Successful treatment for cancer requires a four-step process:
- Diagnose the condition.
- Surgically remove the primary tumour, providing this can be safely
done with limited damage to function.
- Kill any remaining metastases.
- Shift to an 'anti-cancer' life style: to attack the underlying conditions
that caused the disease and to reduce the risk of recurrence/further
cancers.
Current medical practice does reasonably well with diagnosing and surgically
removing the primary tumour. The greatest weakness of current therapies
is in killing remaining metastases. The best time to eliminate them is
as early in the disease process as possible, before they have had time
to grow and damage vital tissue. However, there are problems:
- The main tools currently used to attack metastases: chemotherapy and
radiation therapy may not work at all for many people, may not work
enough to completely solve the problem, and may only work with only
some of the tumours present. They may cause side effects which are completely
unacceptable to the patient. When the treatment provides little or no
benefit, the patient is likely to be net loser. The damage to quality
and quantity of life can easily outweigh whatever benefits are achieved.

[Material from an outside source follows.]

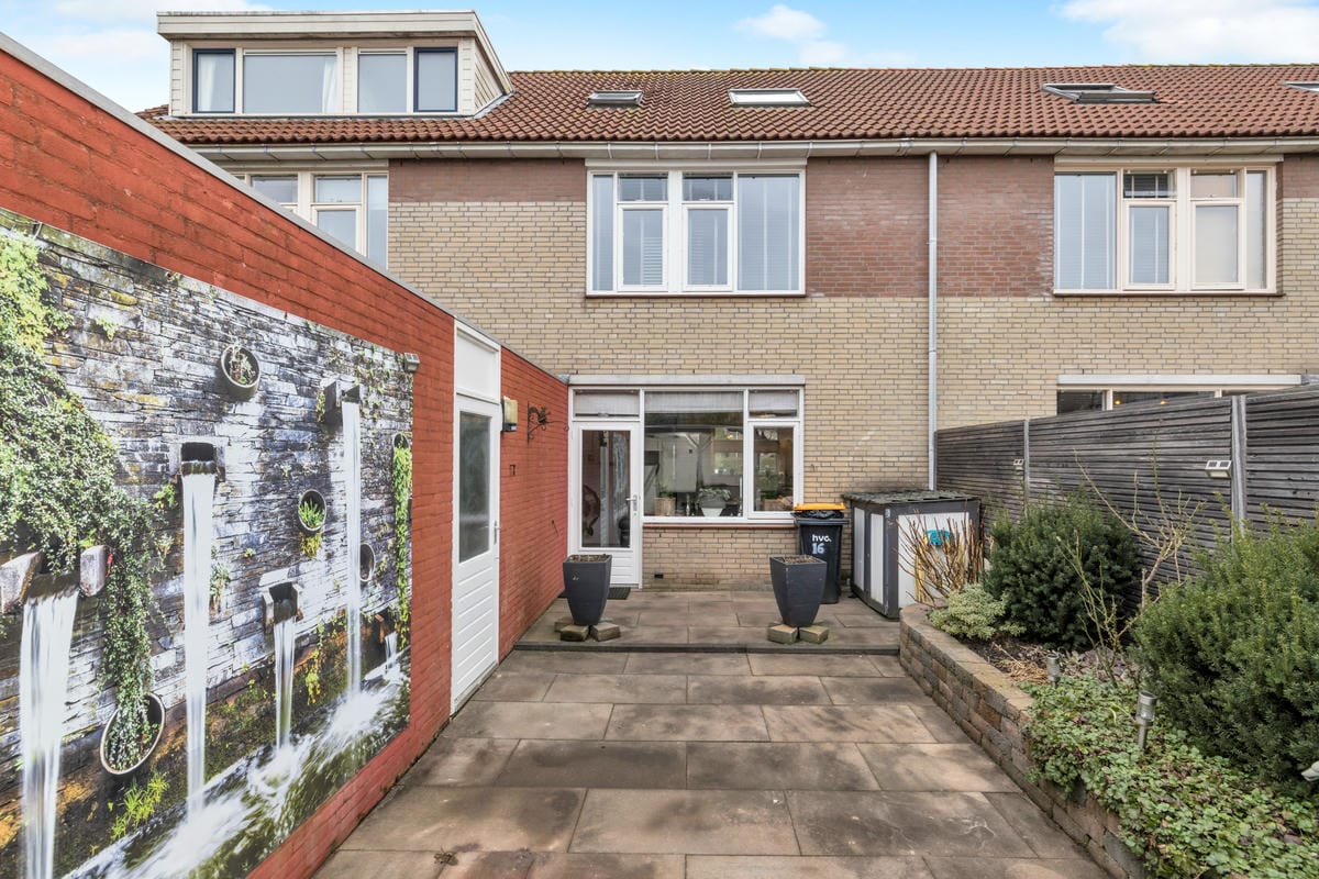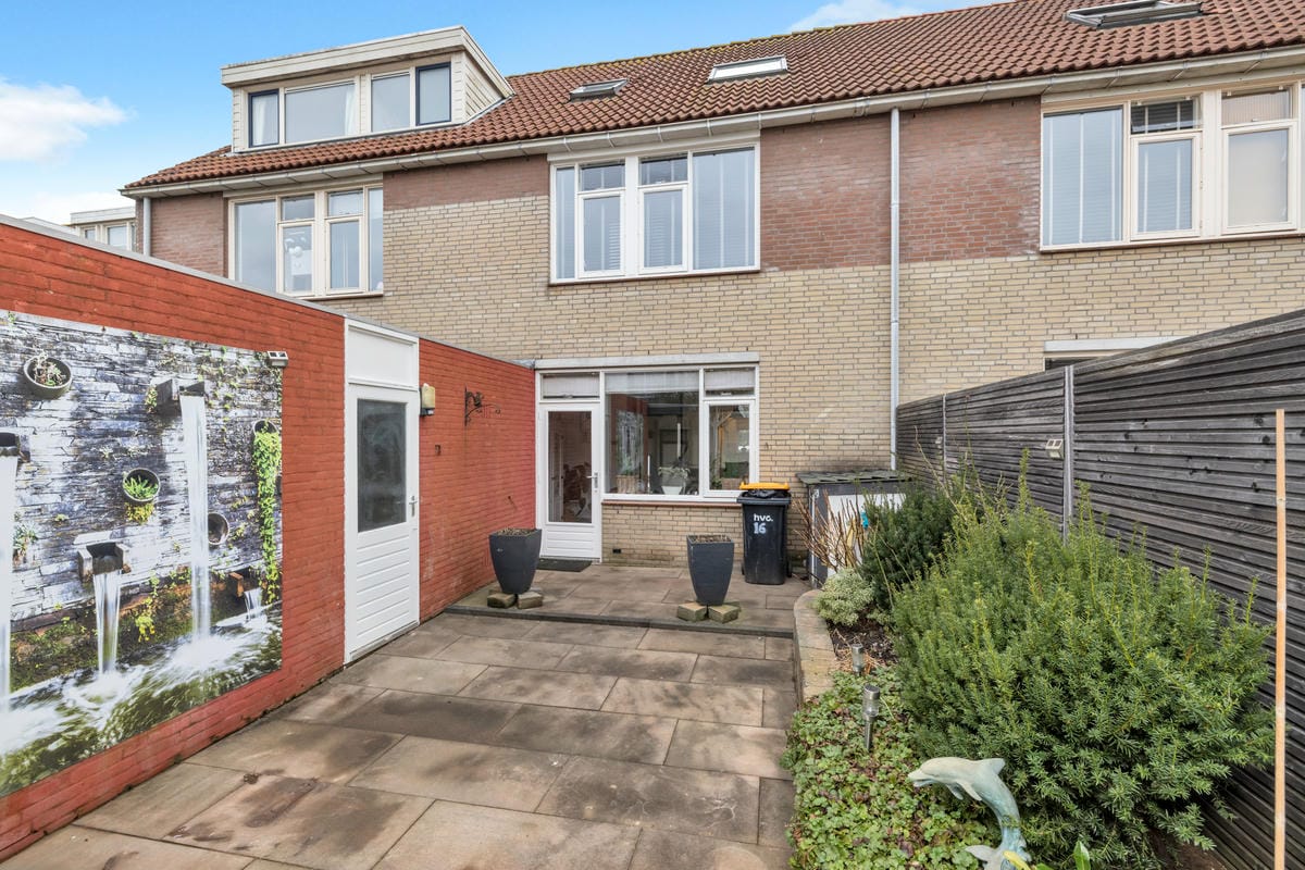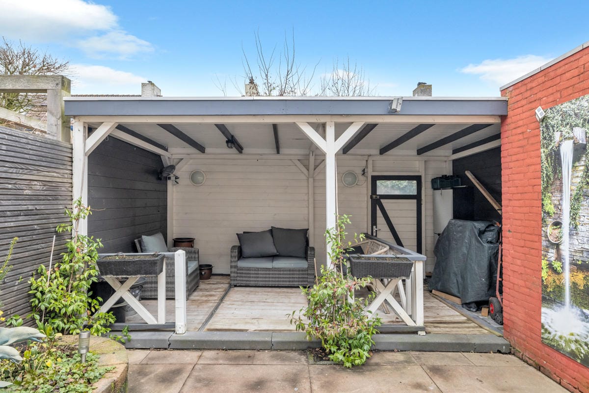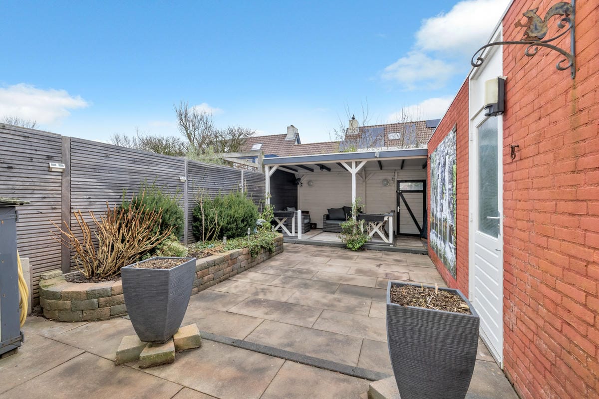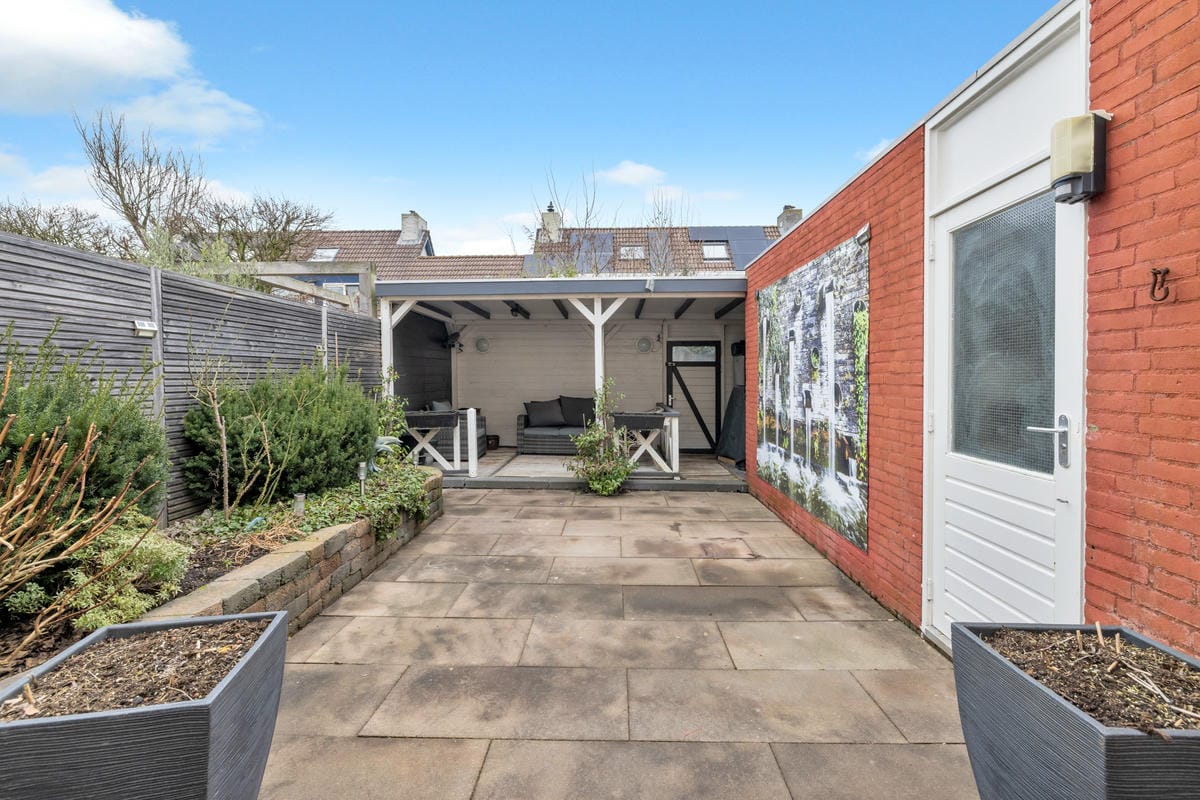 De achtertuin is gelegen op het noordoosten en beschikt over een overkapping waar u beschut kunt zitten. Daarnaast is er een eigen achterom en een vrijstaande berging met elektra.

- Small metastases are hard to find. Tumors less than about 5 millimeters
in size are hard to detect with conventional scanning techniques. They
may not be detected at all by blood tests (until much later in the disease
process). The net result is that the doctor often does not know if the
patient needs additional treatment after surgery, does not know if any
therapy actually used is working, and may not be able to accurately
decide how much (if any) treatment to give. Lack of accurate knowledge
of treatment effects is a very important issue when using toxic therapies,
because the margin for error may be low. Even if effective, too little
treatment may not be enough to complete the job; too much may cause
severe side effects.
- Conventional therapies may be too dangerous to use with patients who
might have cancer remaining after surgery.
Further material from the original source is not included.